This repository contains the implementation of a tool for generating toy datasets that pose reasoning tasks about family trees. It has been created as part of the work for the following paper, and was used to generate a dataset for one of the experiments reported in the same:
Patrick Hohenecker and Thomas Lukasiewicz.
Ontology Reasoning with Deep Neural Networks.
Preprint at https://arxiv.org/abs/1808.07980 (2018).
You are very welcome to use the generator for creating data for your own research. However, in this case, please make sure to cite the paper above. For any questions about the paper or the code provided here, feel free to contact us via e-mail.
Notice: Any data created by the family tree data generator are written to the disk in the rel-data format, which is specified in detail here.
Every sample created by the data generator describes a knowledge graph that specifies a single family tree.
To that end, all individuals in a sample represent persons, and the only facts contained are the genders of the people
involved (specified by means of the unary predicates male
and female
) as well as the immediate ancestor relations
among them (identified by the binary predicate parentOf
).
Besides this, every sample contains a multitude of inferable details, which are supposed to be derived from the facts
mentioned above.
For additional details about the inferences considered, have a look at the ontology that
is used by the data generator, which is specified as an answer set program.

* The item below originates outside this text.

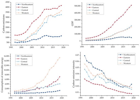 Figure 2. It can be seen that for carbon emission and GDP, all the four economic regions are on the rise. Compared with the overall trend, the economic growth of the eastern region is the fastest and the corresponding carbon emission is also higher, while the economic growth of the northeast region is slower than the other three regions. As for the consumption of renewable energy, all regions show an upward trend. With the change of time, the western region is better than the eastern, central and northeast regions, which is related to the rich hydropower and wind power resources in the western regions, such as Sichuan and other provinces, and the high proportion of renewable energy consumption, reflecting the differences in the energy structure among different regions. As for the carbon emission intensity, the four regions show a downward trend and are gradually approaching each other, which reflects that China’s carbon emissions per unit of economic growth are becoming less and less, and the differences between regions are also gradually decreasing, which is related to the technological progress brought about by economic growth.

All predicates that appear in the same should be self-explanatory.
Running the data generator is as easy as cloning this repository and launching the shell script run-data-gen.sh. Notice, however, that the application depends on numerous Python packages that need to be installed in order to run the same. For a complete list of dependencies, confer setup.py. While you could just install all of the required packages on your machine, a better solution is to create a virtual Conda environment. To that end, the file environment.yaml provides a specification of such an environment that is appropriate for running the data generator.
The following enumeration provides a step-by-step guide for running the family tree data generator in a Conda environment:
-
Download this repository:
$ git clone https://github.com/phohenecker/family-tree-data-gen.git $ cd family-tree-data-gen
-
Create and activate an appropriate Conda environment:
$ conda env create -f environment.yaml # create the environment $ source activate family-tree-data-gen # activate it
Notice that Conda environments can be reused, i.e., the one for the data generator has to be created only once.
-
Run the Python application:
(family-tree-data-gen)$ ./run-data-gen.sh [ARGS]
For a detailed description of how to invoke the data generator and all options that may be provided to the same, refer
to the application's help text.
This is printed, if the application is launched with flag --help
and -h
, respectively:
(family-tree-data-gen)$ ./run-data-gen.sh --help
Important: There are numerous options available, which allow for adjusting the generation process. However, while all of these have default values, there is one positional arg that needs to be provided. This is described in the next section.
The family tree data generator makes use of the DLV system in order to perform symbolic reasoning over family trees by means of the ontology mentioned above. Therefore, you have to download the DLV executable for your platform from the official website, and provide the path to the same as (the only) positional arg:
(family-tree-data-gen)$ ./run-data-gen.sh [OPTIONS] /path/to/dlv
Notice that DLV is free for academic and non-commercial educational use. However, details can be found here.